А отчего одни года случаются високосные, а другие – простые, обычные? Неведомо! А что делать? Ничего не поделаешь, терпеть!
А только в народе всегда волнение поднимается, злоба, неудовольствие, а почему? а потому что нет, чтобы год-то этот плохой как-нибудь покороче сделать, так наоборот: нарочно издеваются, делают его длиннее. Вставляют лишний день: вот, дескать, вам! на-ко! А ведь лишний день – это и работа лишняя, и налоги лишние, и всякая людская тягота, – хоть плачь! А вставляют его, день-то этот, в феврале, и стих есть такой:
– ну, это про писцов, но и другие работники плачут, – повара, древорубы, а уж кто на дорожные работы призван, о тех и говорить не приходится!
Но есть и такие, которые говорят: оно конешно так, работа лишняя, это да, но ведь и жизни прибавляется, верно? Лишний день на белом свете поживешь, лишний блин съешь, али там пирожок! Разве плохо? Так бы, глядишь, помирать надо, – ан нет, еще восход встретишь, солнышко, а вечером сплясать да выпить! Только вот лучше прибавляли бы этот день не зимой, когда жить тошнехонько, а летом, в хорошую погоду.
Сейчас, прям! Жди! В хорошую! Кабы они хотели облегчение народу сделать, они бы день-то этот прибавляли не в високосный год, а в простые, да не день, а два, ну три, а то и неделю, да объявляли бы выходной!

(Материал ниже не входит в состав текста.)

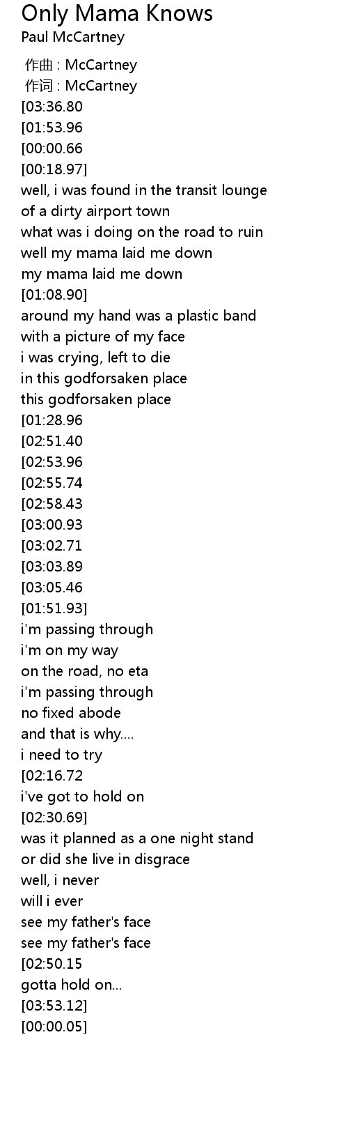 | [04:01.40][01:53.96][00:00.87] | paul mccartneyronly mama knows |

…Меж тем доехали до избы, где Варвара Лукинишна жила.
– Стой тут.
Тетеря помычал под кляпом, глазами поворочал.
– Я сказал: стой и молчи.
Нет, опять мычит, валенком показывает.
– Ну что тебе? Что?
Валенок снял, руку выпростал, кляп отвязал, цыкнул плевком:
– …говорю: знаю это место.
– Ну и что? Я тоже знаю.
– Ты знаешь, как груши околачивать, а я знаю, что тут бензоколонка была.
– Мало ли где чего было.
– А где бензоколонка, там горючее. Под землей. Спичку бросить, бздык! – и летим.
Бенедикт подумал.
– Зачем?
– Не зачем, а куда. К такой-то матери.